I took advantage of this service in order to get to the Corniche, a sweeping walkway and cycle along a beach (which I couldn’t take advantage of as my swim shorts were in transit baggage). Head down it one way and you can go across to the Al Marina peninsula and visit the Marina Mall, one of the many shopping centres that are dotted around the city. I chose to go the other way, walking up toward the city centre along the beach. The skyline is pretty spectacular, with monoliths of glass and steel rising up out of the desert wasteland. It took about half an hour of walking to get into the city, by which time I was exhausted.

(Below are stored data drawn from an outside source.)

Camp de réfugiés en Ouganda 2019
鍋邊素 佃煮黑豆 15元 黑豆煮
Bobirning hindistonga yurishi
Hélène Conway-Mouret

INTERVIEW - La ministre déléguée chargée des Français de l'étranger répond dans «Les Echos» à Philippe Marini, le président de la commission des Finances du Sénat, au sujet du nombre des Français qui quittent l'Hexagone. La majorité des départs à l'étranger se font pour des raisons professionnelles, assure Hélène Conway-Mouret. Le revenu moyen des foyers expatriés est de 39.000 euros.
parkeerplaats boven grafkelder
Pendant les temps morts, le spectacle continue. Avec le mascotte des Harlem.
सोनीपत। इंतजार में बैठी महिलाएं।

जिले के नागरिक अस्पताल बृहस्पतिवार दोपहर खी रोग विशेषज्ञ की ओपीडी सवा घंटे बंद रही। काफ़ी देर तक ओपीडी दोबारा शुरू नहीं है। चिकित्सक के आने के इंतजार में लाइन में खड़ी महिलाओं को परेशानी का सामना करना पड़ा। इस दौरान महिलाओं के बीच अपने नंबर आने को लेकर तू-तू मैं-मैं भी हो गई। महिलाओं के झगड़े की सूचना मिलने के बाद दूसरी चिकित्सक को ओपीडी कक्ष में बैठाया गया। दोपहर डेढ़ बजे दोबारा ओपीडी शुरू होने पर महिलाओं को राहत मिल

The 40 degree heat had definitely hit me hard (friendly advice: don’t try to go walking if all you’ve had to eat and drink that morning is a croissant and cup of coffee) and it became obvious fairly quickly that no locals walk anywhere in the city, the majority of people on the pavements being westerners like myself, too foolish to just take a taxi.

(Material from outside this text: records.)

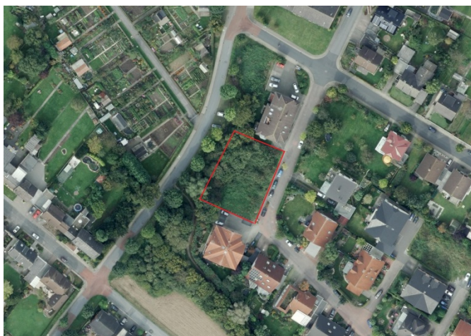
Auszug aus dem Luftbild - (Datenlizenz Deutschland Land NRW / Kreis Warendorf (2018) Version 2.0)
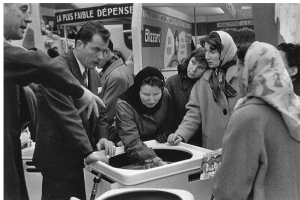
Salon des Arts Ménagers 1956 - H. Cartier Bresson

L'institution de la Sécurité sociale permet de se prémunir contre les aléas qui affectent la vie professionnelle. Parallèlement, la France connaît une situation de quasi-plein-emploi pendant laquelle le taux de chômage est contenu à un niveau compris entre 2% et 3% (contre environ 9,5% en 2005).
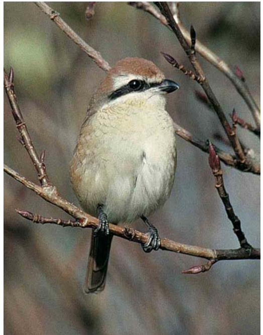
416-417 Brown Shrike / Bruine Klauwier Lanius cristatus , probably adult female, Helgoland, Schleswig-Holstein, Germany, 15 October 2001 (Thomas Sacher)
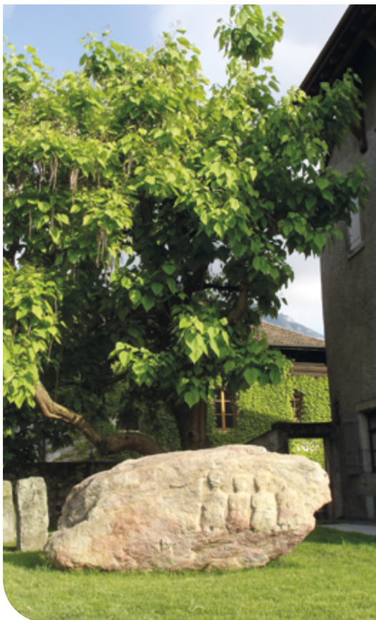
Copie du menhir installée en 1998 à la Grand Cour, Mairie de Troinex.

Fameux mégalithe dont la copie est installée dans le parc de la Mairie, la Pierre-aux-Dames fut dressée aux temps préhistoriques sur la commune de Troinex, non loin de Bossey. Pierre aux fées ou de déesses, elle a soulevé de passionnantes hypothèses.
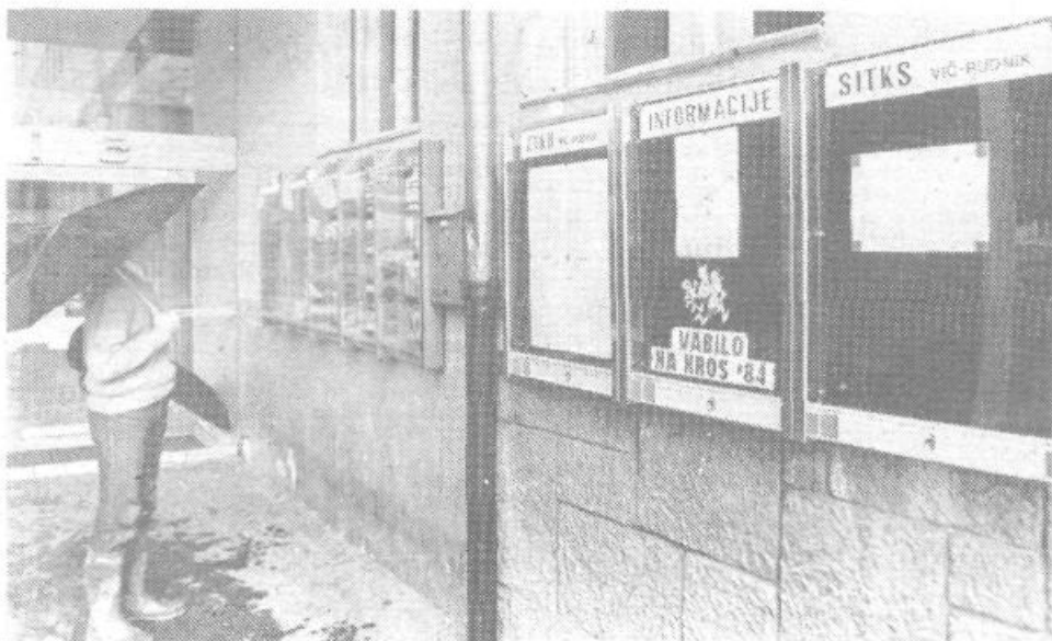
V tej vitrini, postavila jo je občinska ZTKO ob vhodu v kino Vič, bodo rekreativci in ljubitelji športa odslej lahko redno prebirali obvestila o rekreativnih aktivnostih in rezultatih.
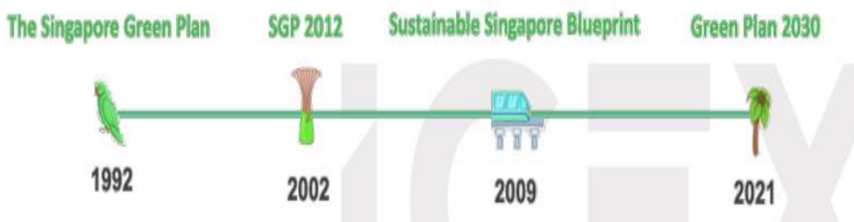
Imagen #1. Etapas del Plan de Desarrollo Sostenible 2030.

Nota: Figura obtenida de Campa y Ponte (2021).
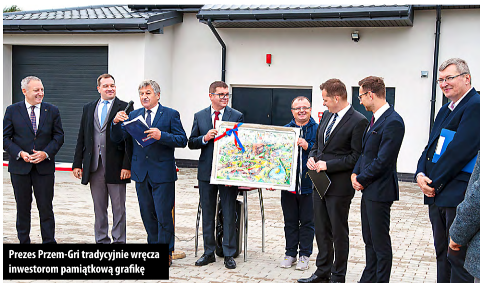
Prezes Przem-Gri tradycyjnie wręcza inwestorom pamiątkową grafikę

Takiej inwestycji w gminie Brójce wcześniej nie było. Takiego otwarcia też. Gminna Oczyszczalnia Ścieków w Kurowicach, warta 10 mln zł została oficjalnie uruchomiona 30 września br.
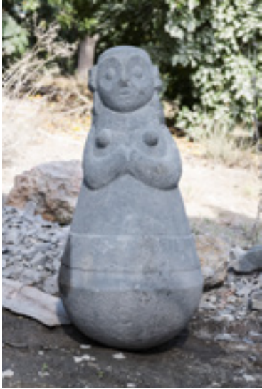
זוהר גוטסמו, נופל זקם, 2022, בזלת, אוסף האמן
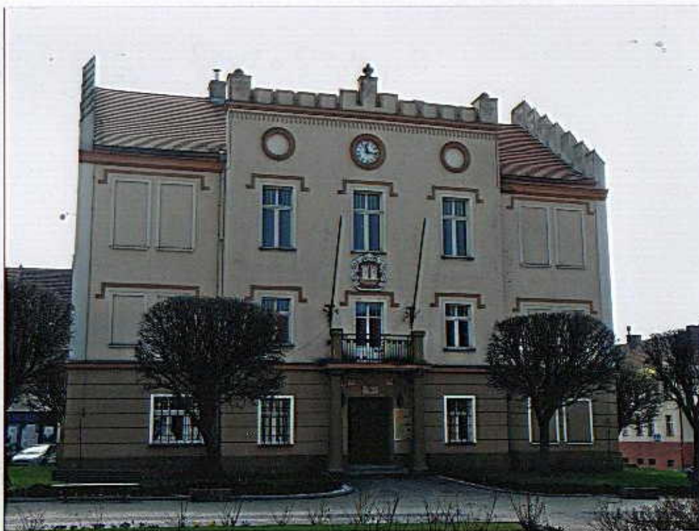
Widok od północnego- wschodu.

8. Fotografia z opisem wskazującym orientację albo mapa z zaznaczonym stanowiskiem archeologicznym
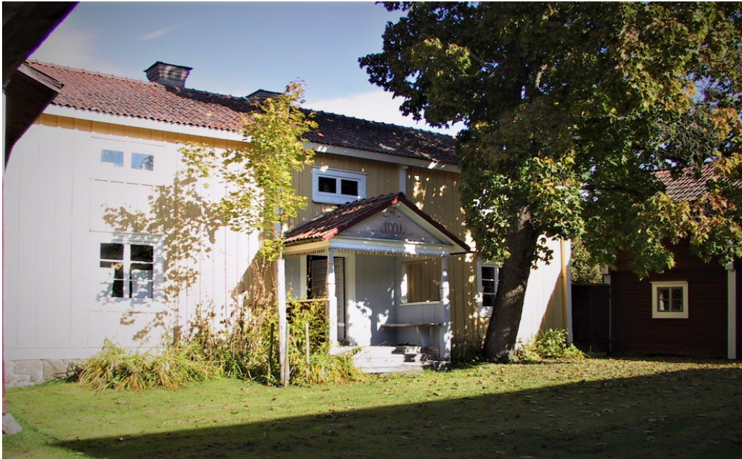
Figur 4. Manbyggnaden med östra nattstugan skymtandes i bakgrunden. Lummig grönska präglar miljön.
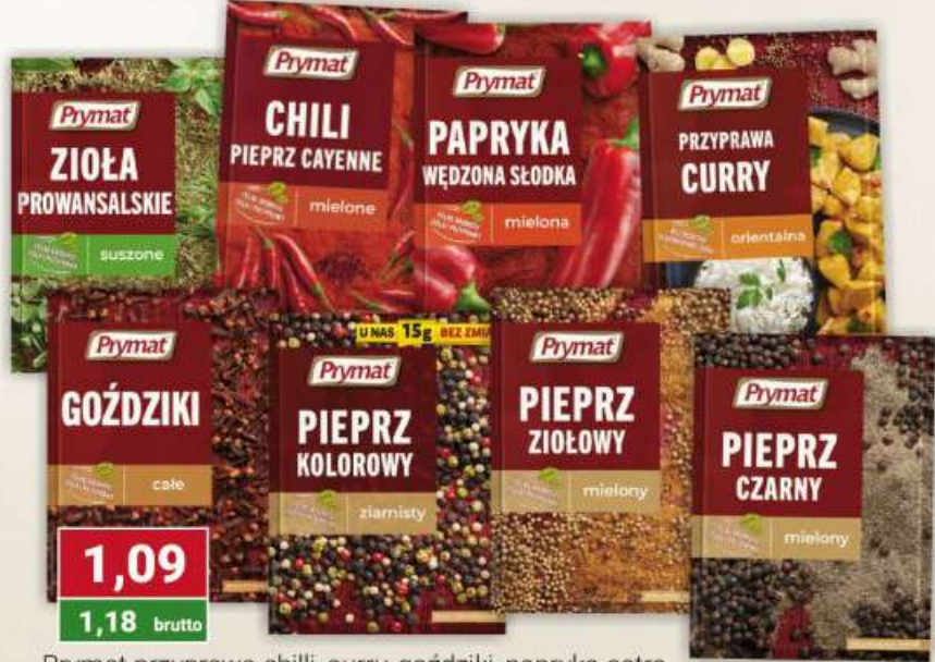
Prymat przyprawa chilli, curry, goździki, papryka ostra, słodka, słodka wędzona, pieprz biały, czarny, kolorowy ziarno, ziołowy, tymianek, zioła prowansalskie 10-20 g / 18/30 szt.

Eventually, I abandoned the frying pan sidewalks for one of the cities abundant and affordable taxis, heading to the Abu Dhabi Mall; which was large, and had shops in it (I don’t really do shopping malls). After this, I got another taxi to visit what is probably Abu Dhabi’s main attraction – The Sheikh Zayed Grand Mosque – just outside the city centre. Completed in 2007, it is large enough to hold 40,000 worshippers, mostly in the enormous courtyard; which sits at the centre of the complex. Having been informed by my hotel receptionist that the shorts I was wearing would be acceptable at the temple, I was informed by the guards that they weren’t, thus I was sent to obtain a traditional Arabic Kandora, which you pick up in the underground car park (for some reason) in exchange for a deposit of ID. If you wish to avoid this as a man, then you need to be wearing shorts that come to well below the knee. For women, you must have your head, arms and legs entirely covered (again, you can get a traditional robe at the temple).

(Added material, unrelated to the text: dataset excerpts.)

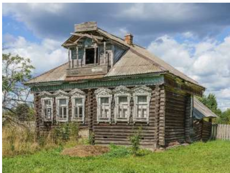
Русская изба в селе Мелёшино Палехского района Ивановской области.
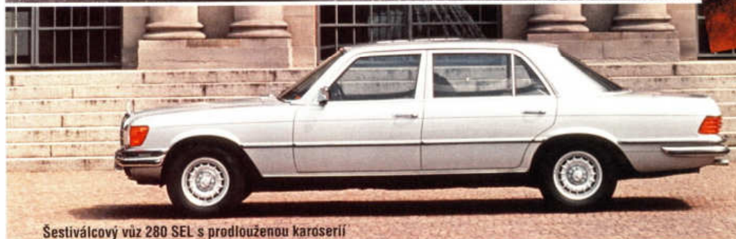
Šestiválcový vůz 280 SEL s prodlouženou karoserií

▼ Prostor zadních sedadel prodlouženého 450 SEL
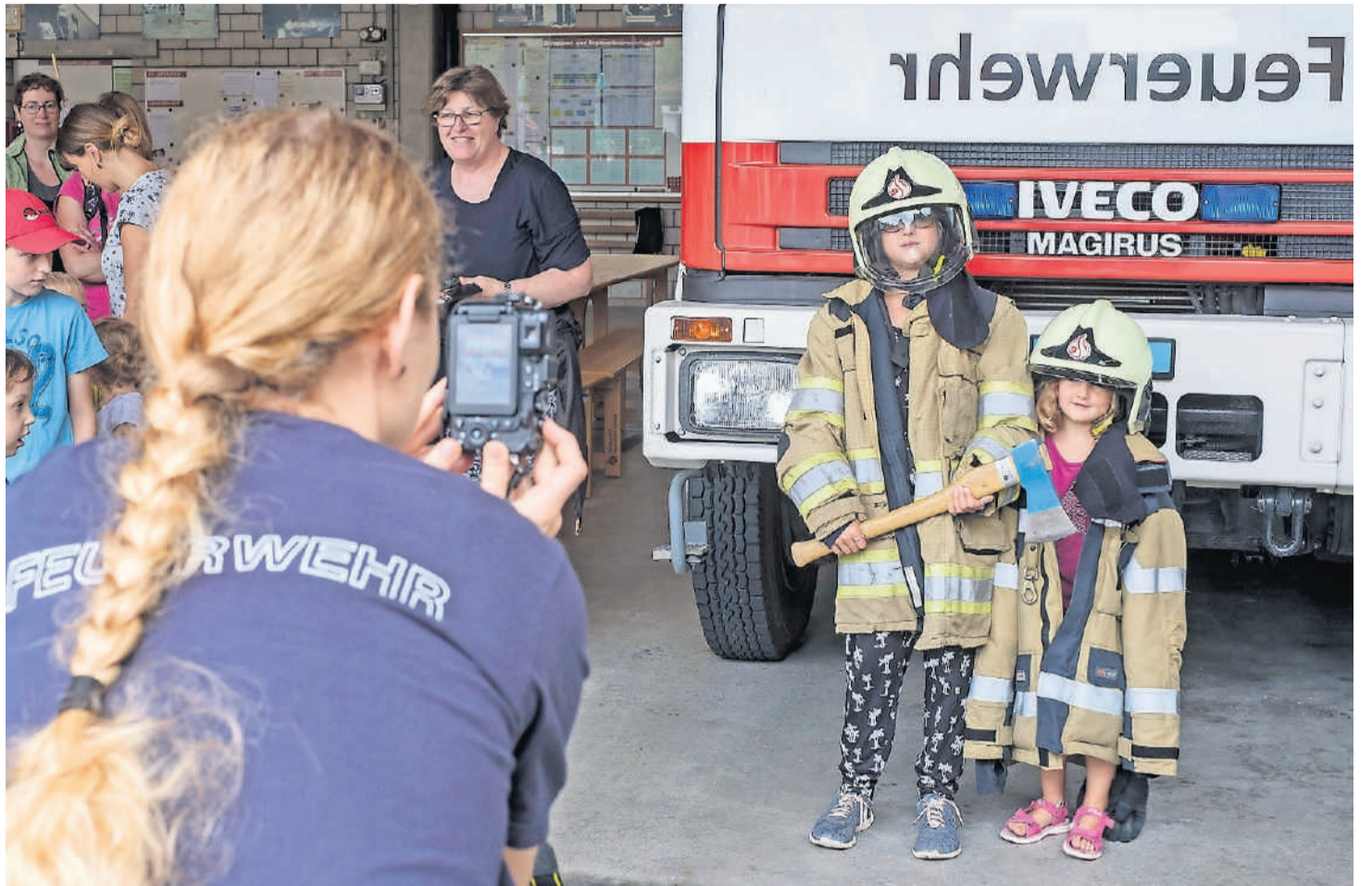
Schon die kleinen Mädchen schlüpfen in die Ausrüstung der Feuerwehrfrauen.

Bilder: Kenneth Nars (Liestal, 7. August 2019)
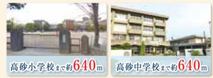
高砂小学校まで約 640m
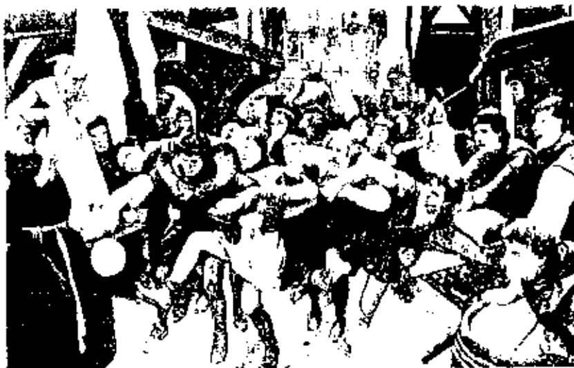
Den brutala folkfotbollen i England hade gatan som spelplan.

Samtidigt som idrotten, i detta konkreta fall folkfotbollen, fungerade som ett slags säkerhetsventil, blir den en spegling av samhället och de motsättningar som existerade mellan olika grupperingar.
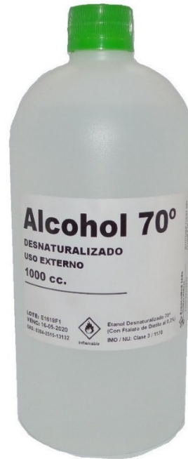
Alcohol al 70%
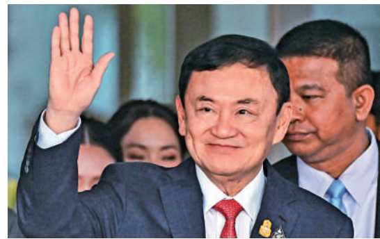
▶泰國前總理他信獲假釋並於18日出獄。圖為他信於去年8月22日回國時向外界致意。
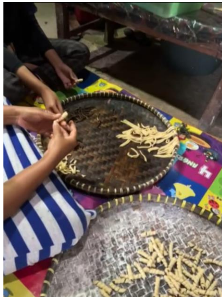
Gambar 9. Proses Pembuatan Molen Mini

Proses melitikan adonan Molen Mini untuk menciptakan produk yang unik agar dapat menarik konsumen yang melihatnya.
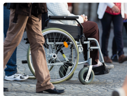
SEMAINE DU HANDICAP
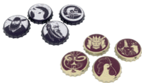
8 крышек (4 синих и 4 бежевых)
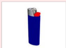
ガスライター (中身を残さない)

The Mosque itself is stunning, with the entirely white façade being particularly eye-catching. The marble courtyard is vast and impressive, though disappointingly a no-go area for tourists; as it is only used for prayer. I didn’t manage to get on a guided tour, but the security guards dotted around the complex were very helpful both in guiding you around and answering any questions. Overall, it takes between 30 minutes to an hour to visit the Mosque and with admission being free it is obviously well worth a visit, especially if you have a layover (5 plus hours) this would be what I recommend doing with your time.
After the Mosque came another taxi ride to Yas Island, famous for hosting the annual Abu Dhabi F1 Grand Prix around the Marina circuit. On Tuesdays, they allow you to hire a bike and cycle the track for free; but on all other days the main attraction is the Ferrari World centre attached to the Yas Mall. However, your intrepid reviewer baulked at the £55 ticket; so, my visit didn’t extend past a wander around the gift shop and then killing time in the immense mall before returning to the hotel for my next flight.
Overall, Abu Dhabi was well worth the day trip. If I’d had longer, I could have visited the water park on Yas Island or the viewing platform at Etihad tower. However, my overwhelming memory of the place will be that it somehow lacked authenticity. Aside from the visit to the Mosque I may as well have been in London or New York, you are ferried from one destination to the next in your air conditioned taxi bubble, visiting shopping centres filled with western clothes stores and western or Asian food outlets, before retreating to your western-style hotel to hide from the heat by the pool. There is no sense of history or tradition in the city or on Yas Island; which leaves one feeling a little empty. But, for a day, it kept me entertained and the Mosque visit alone was worth the extra time on the stopover.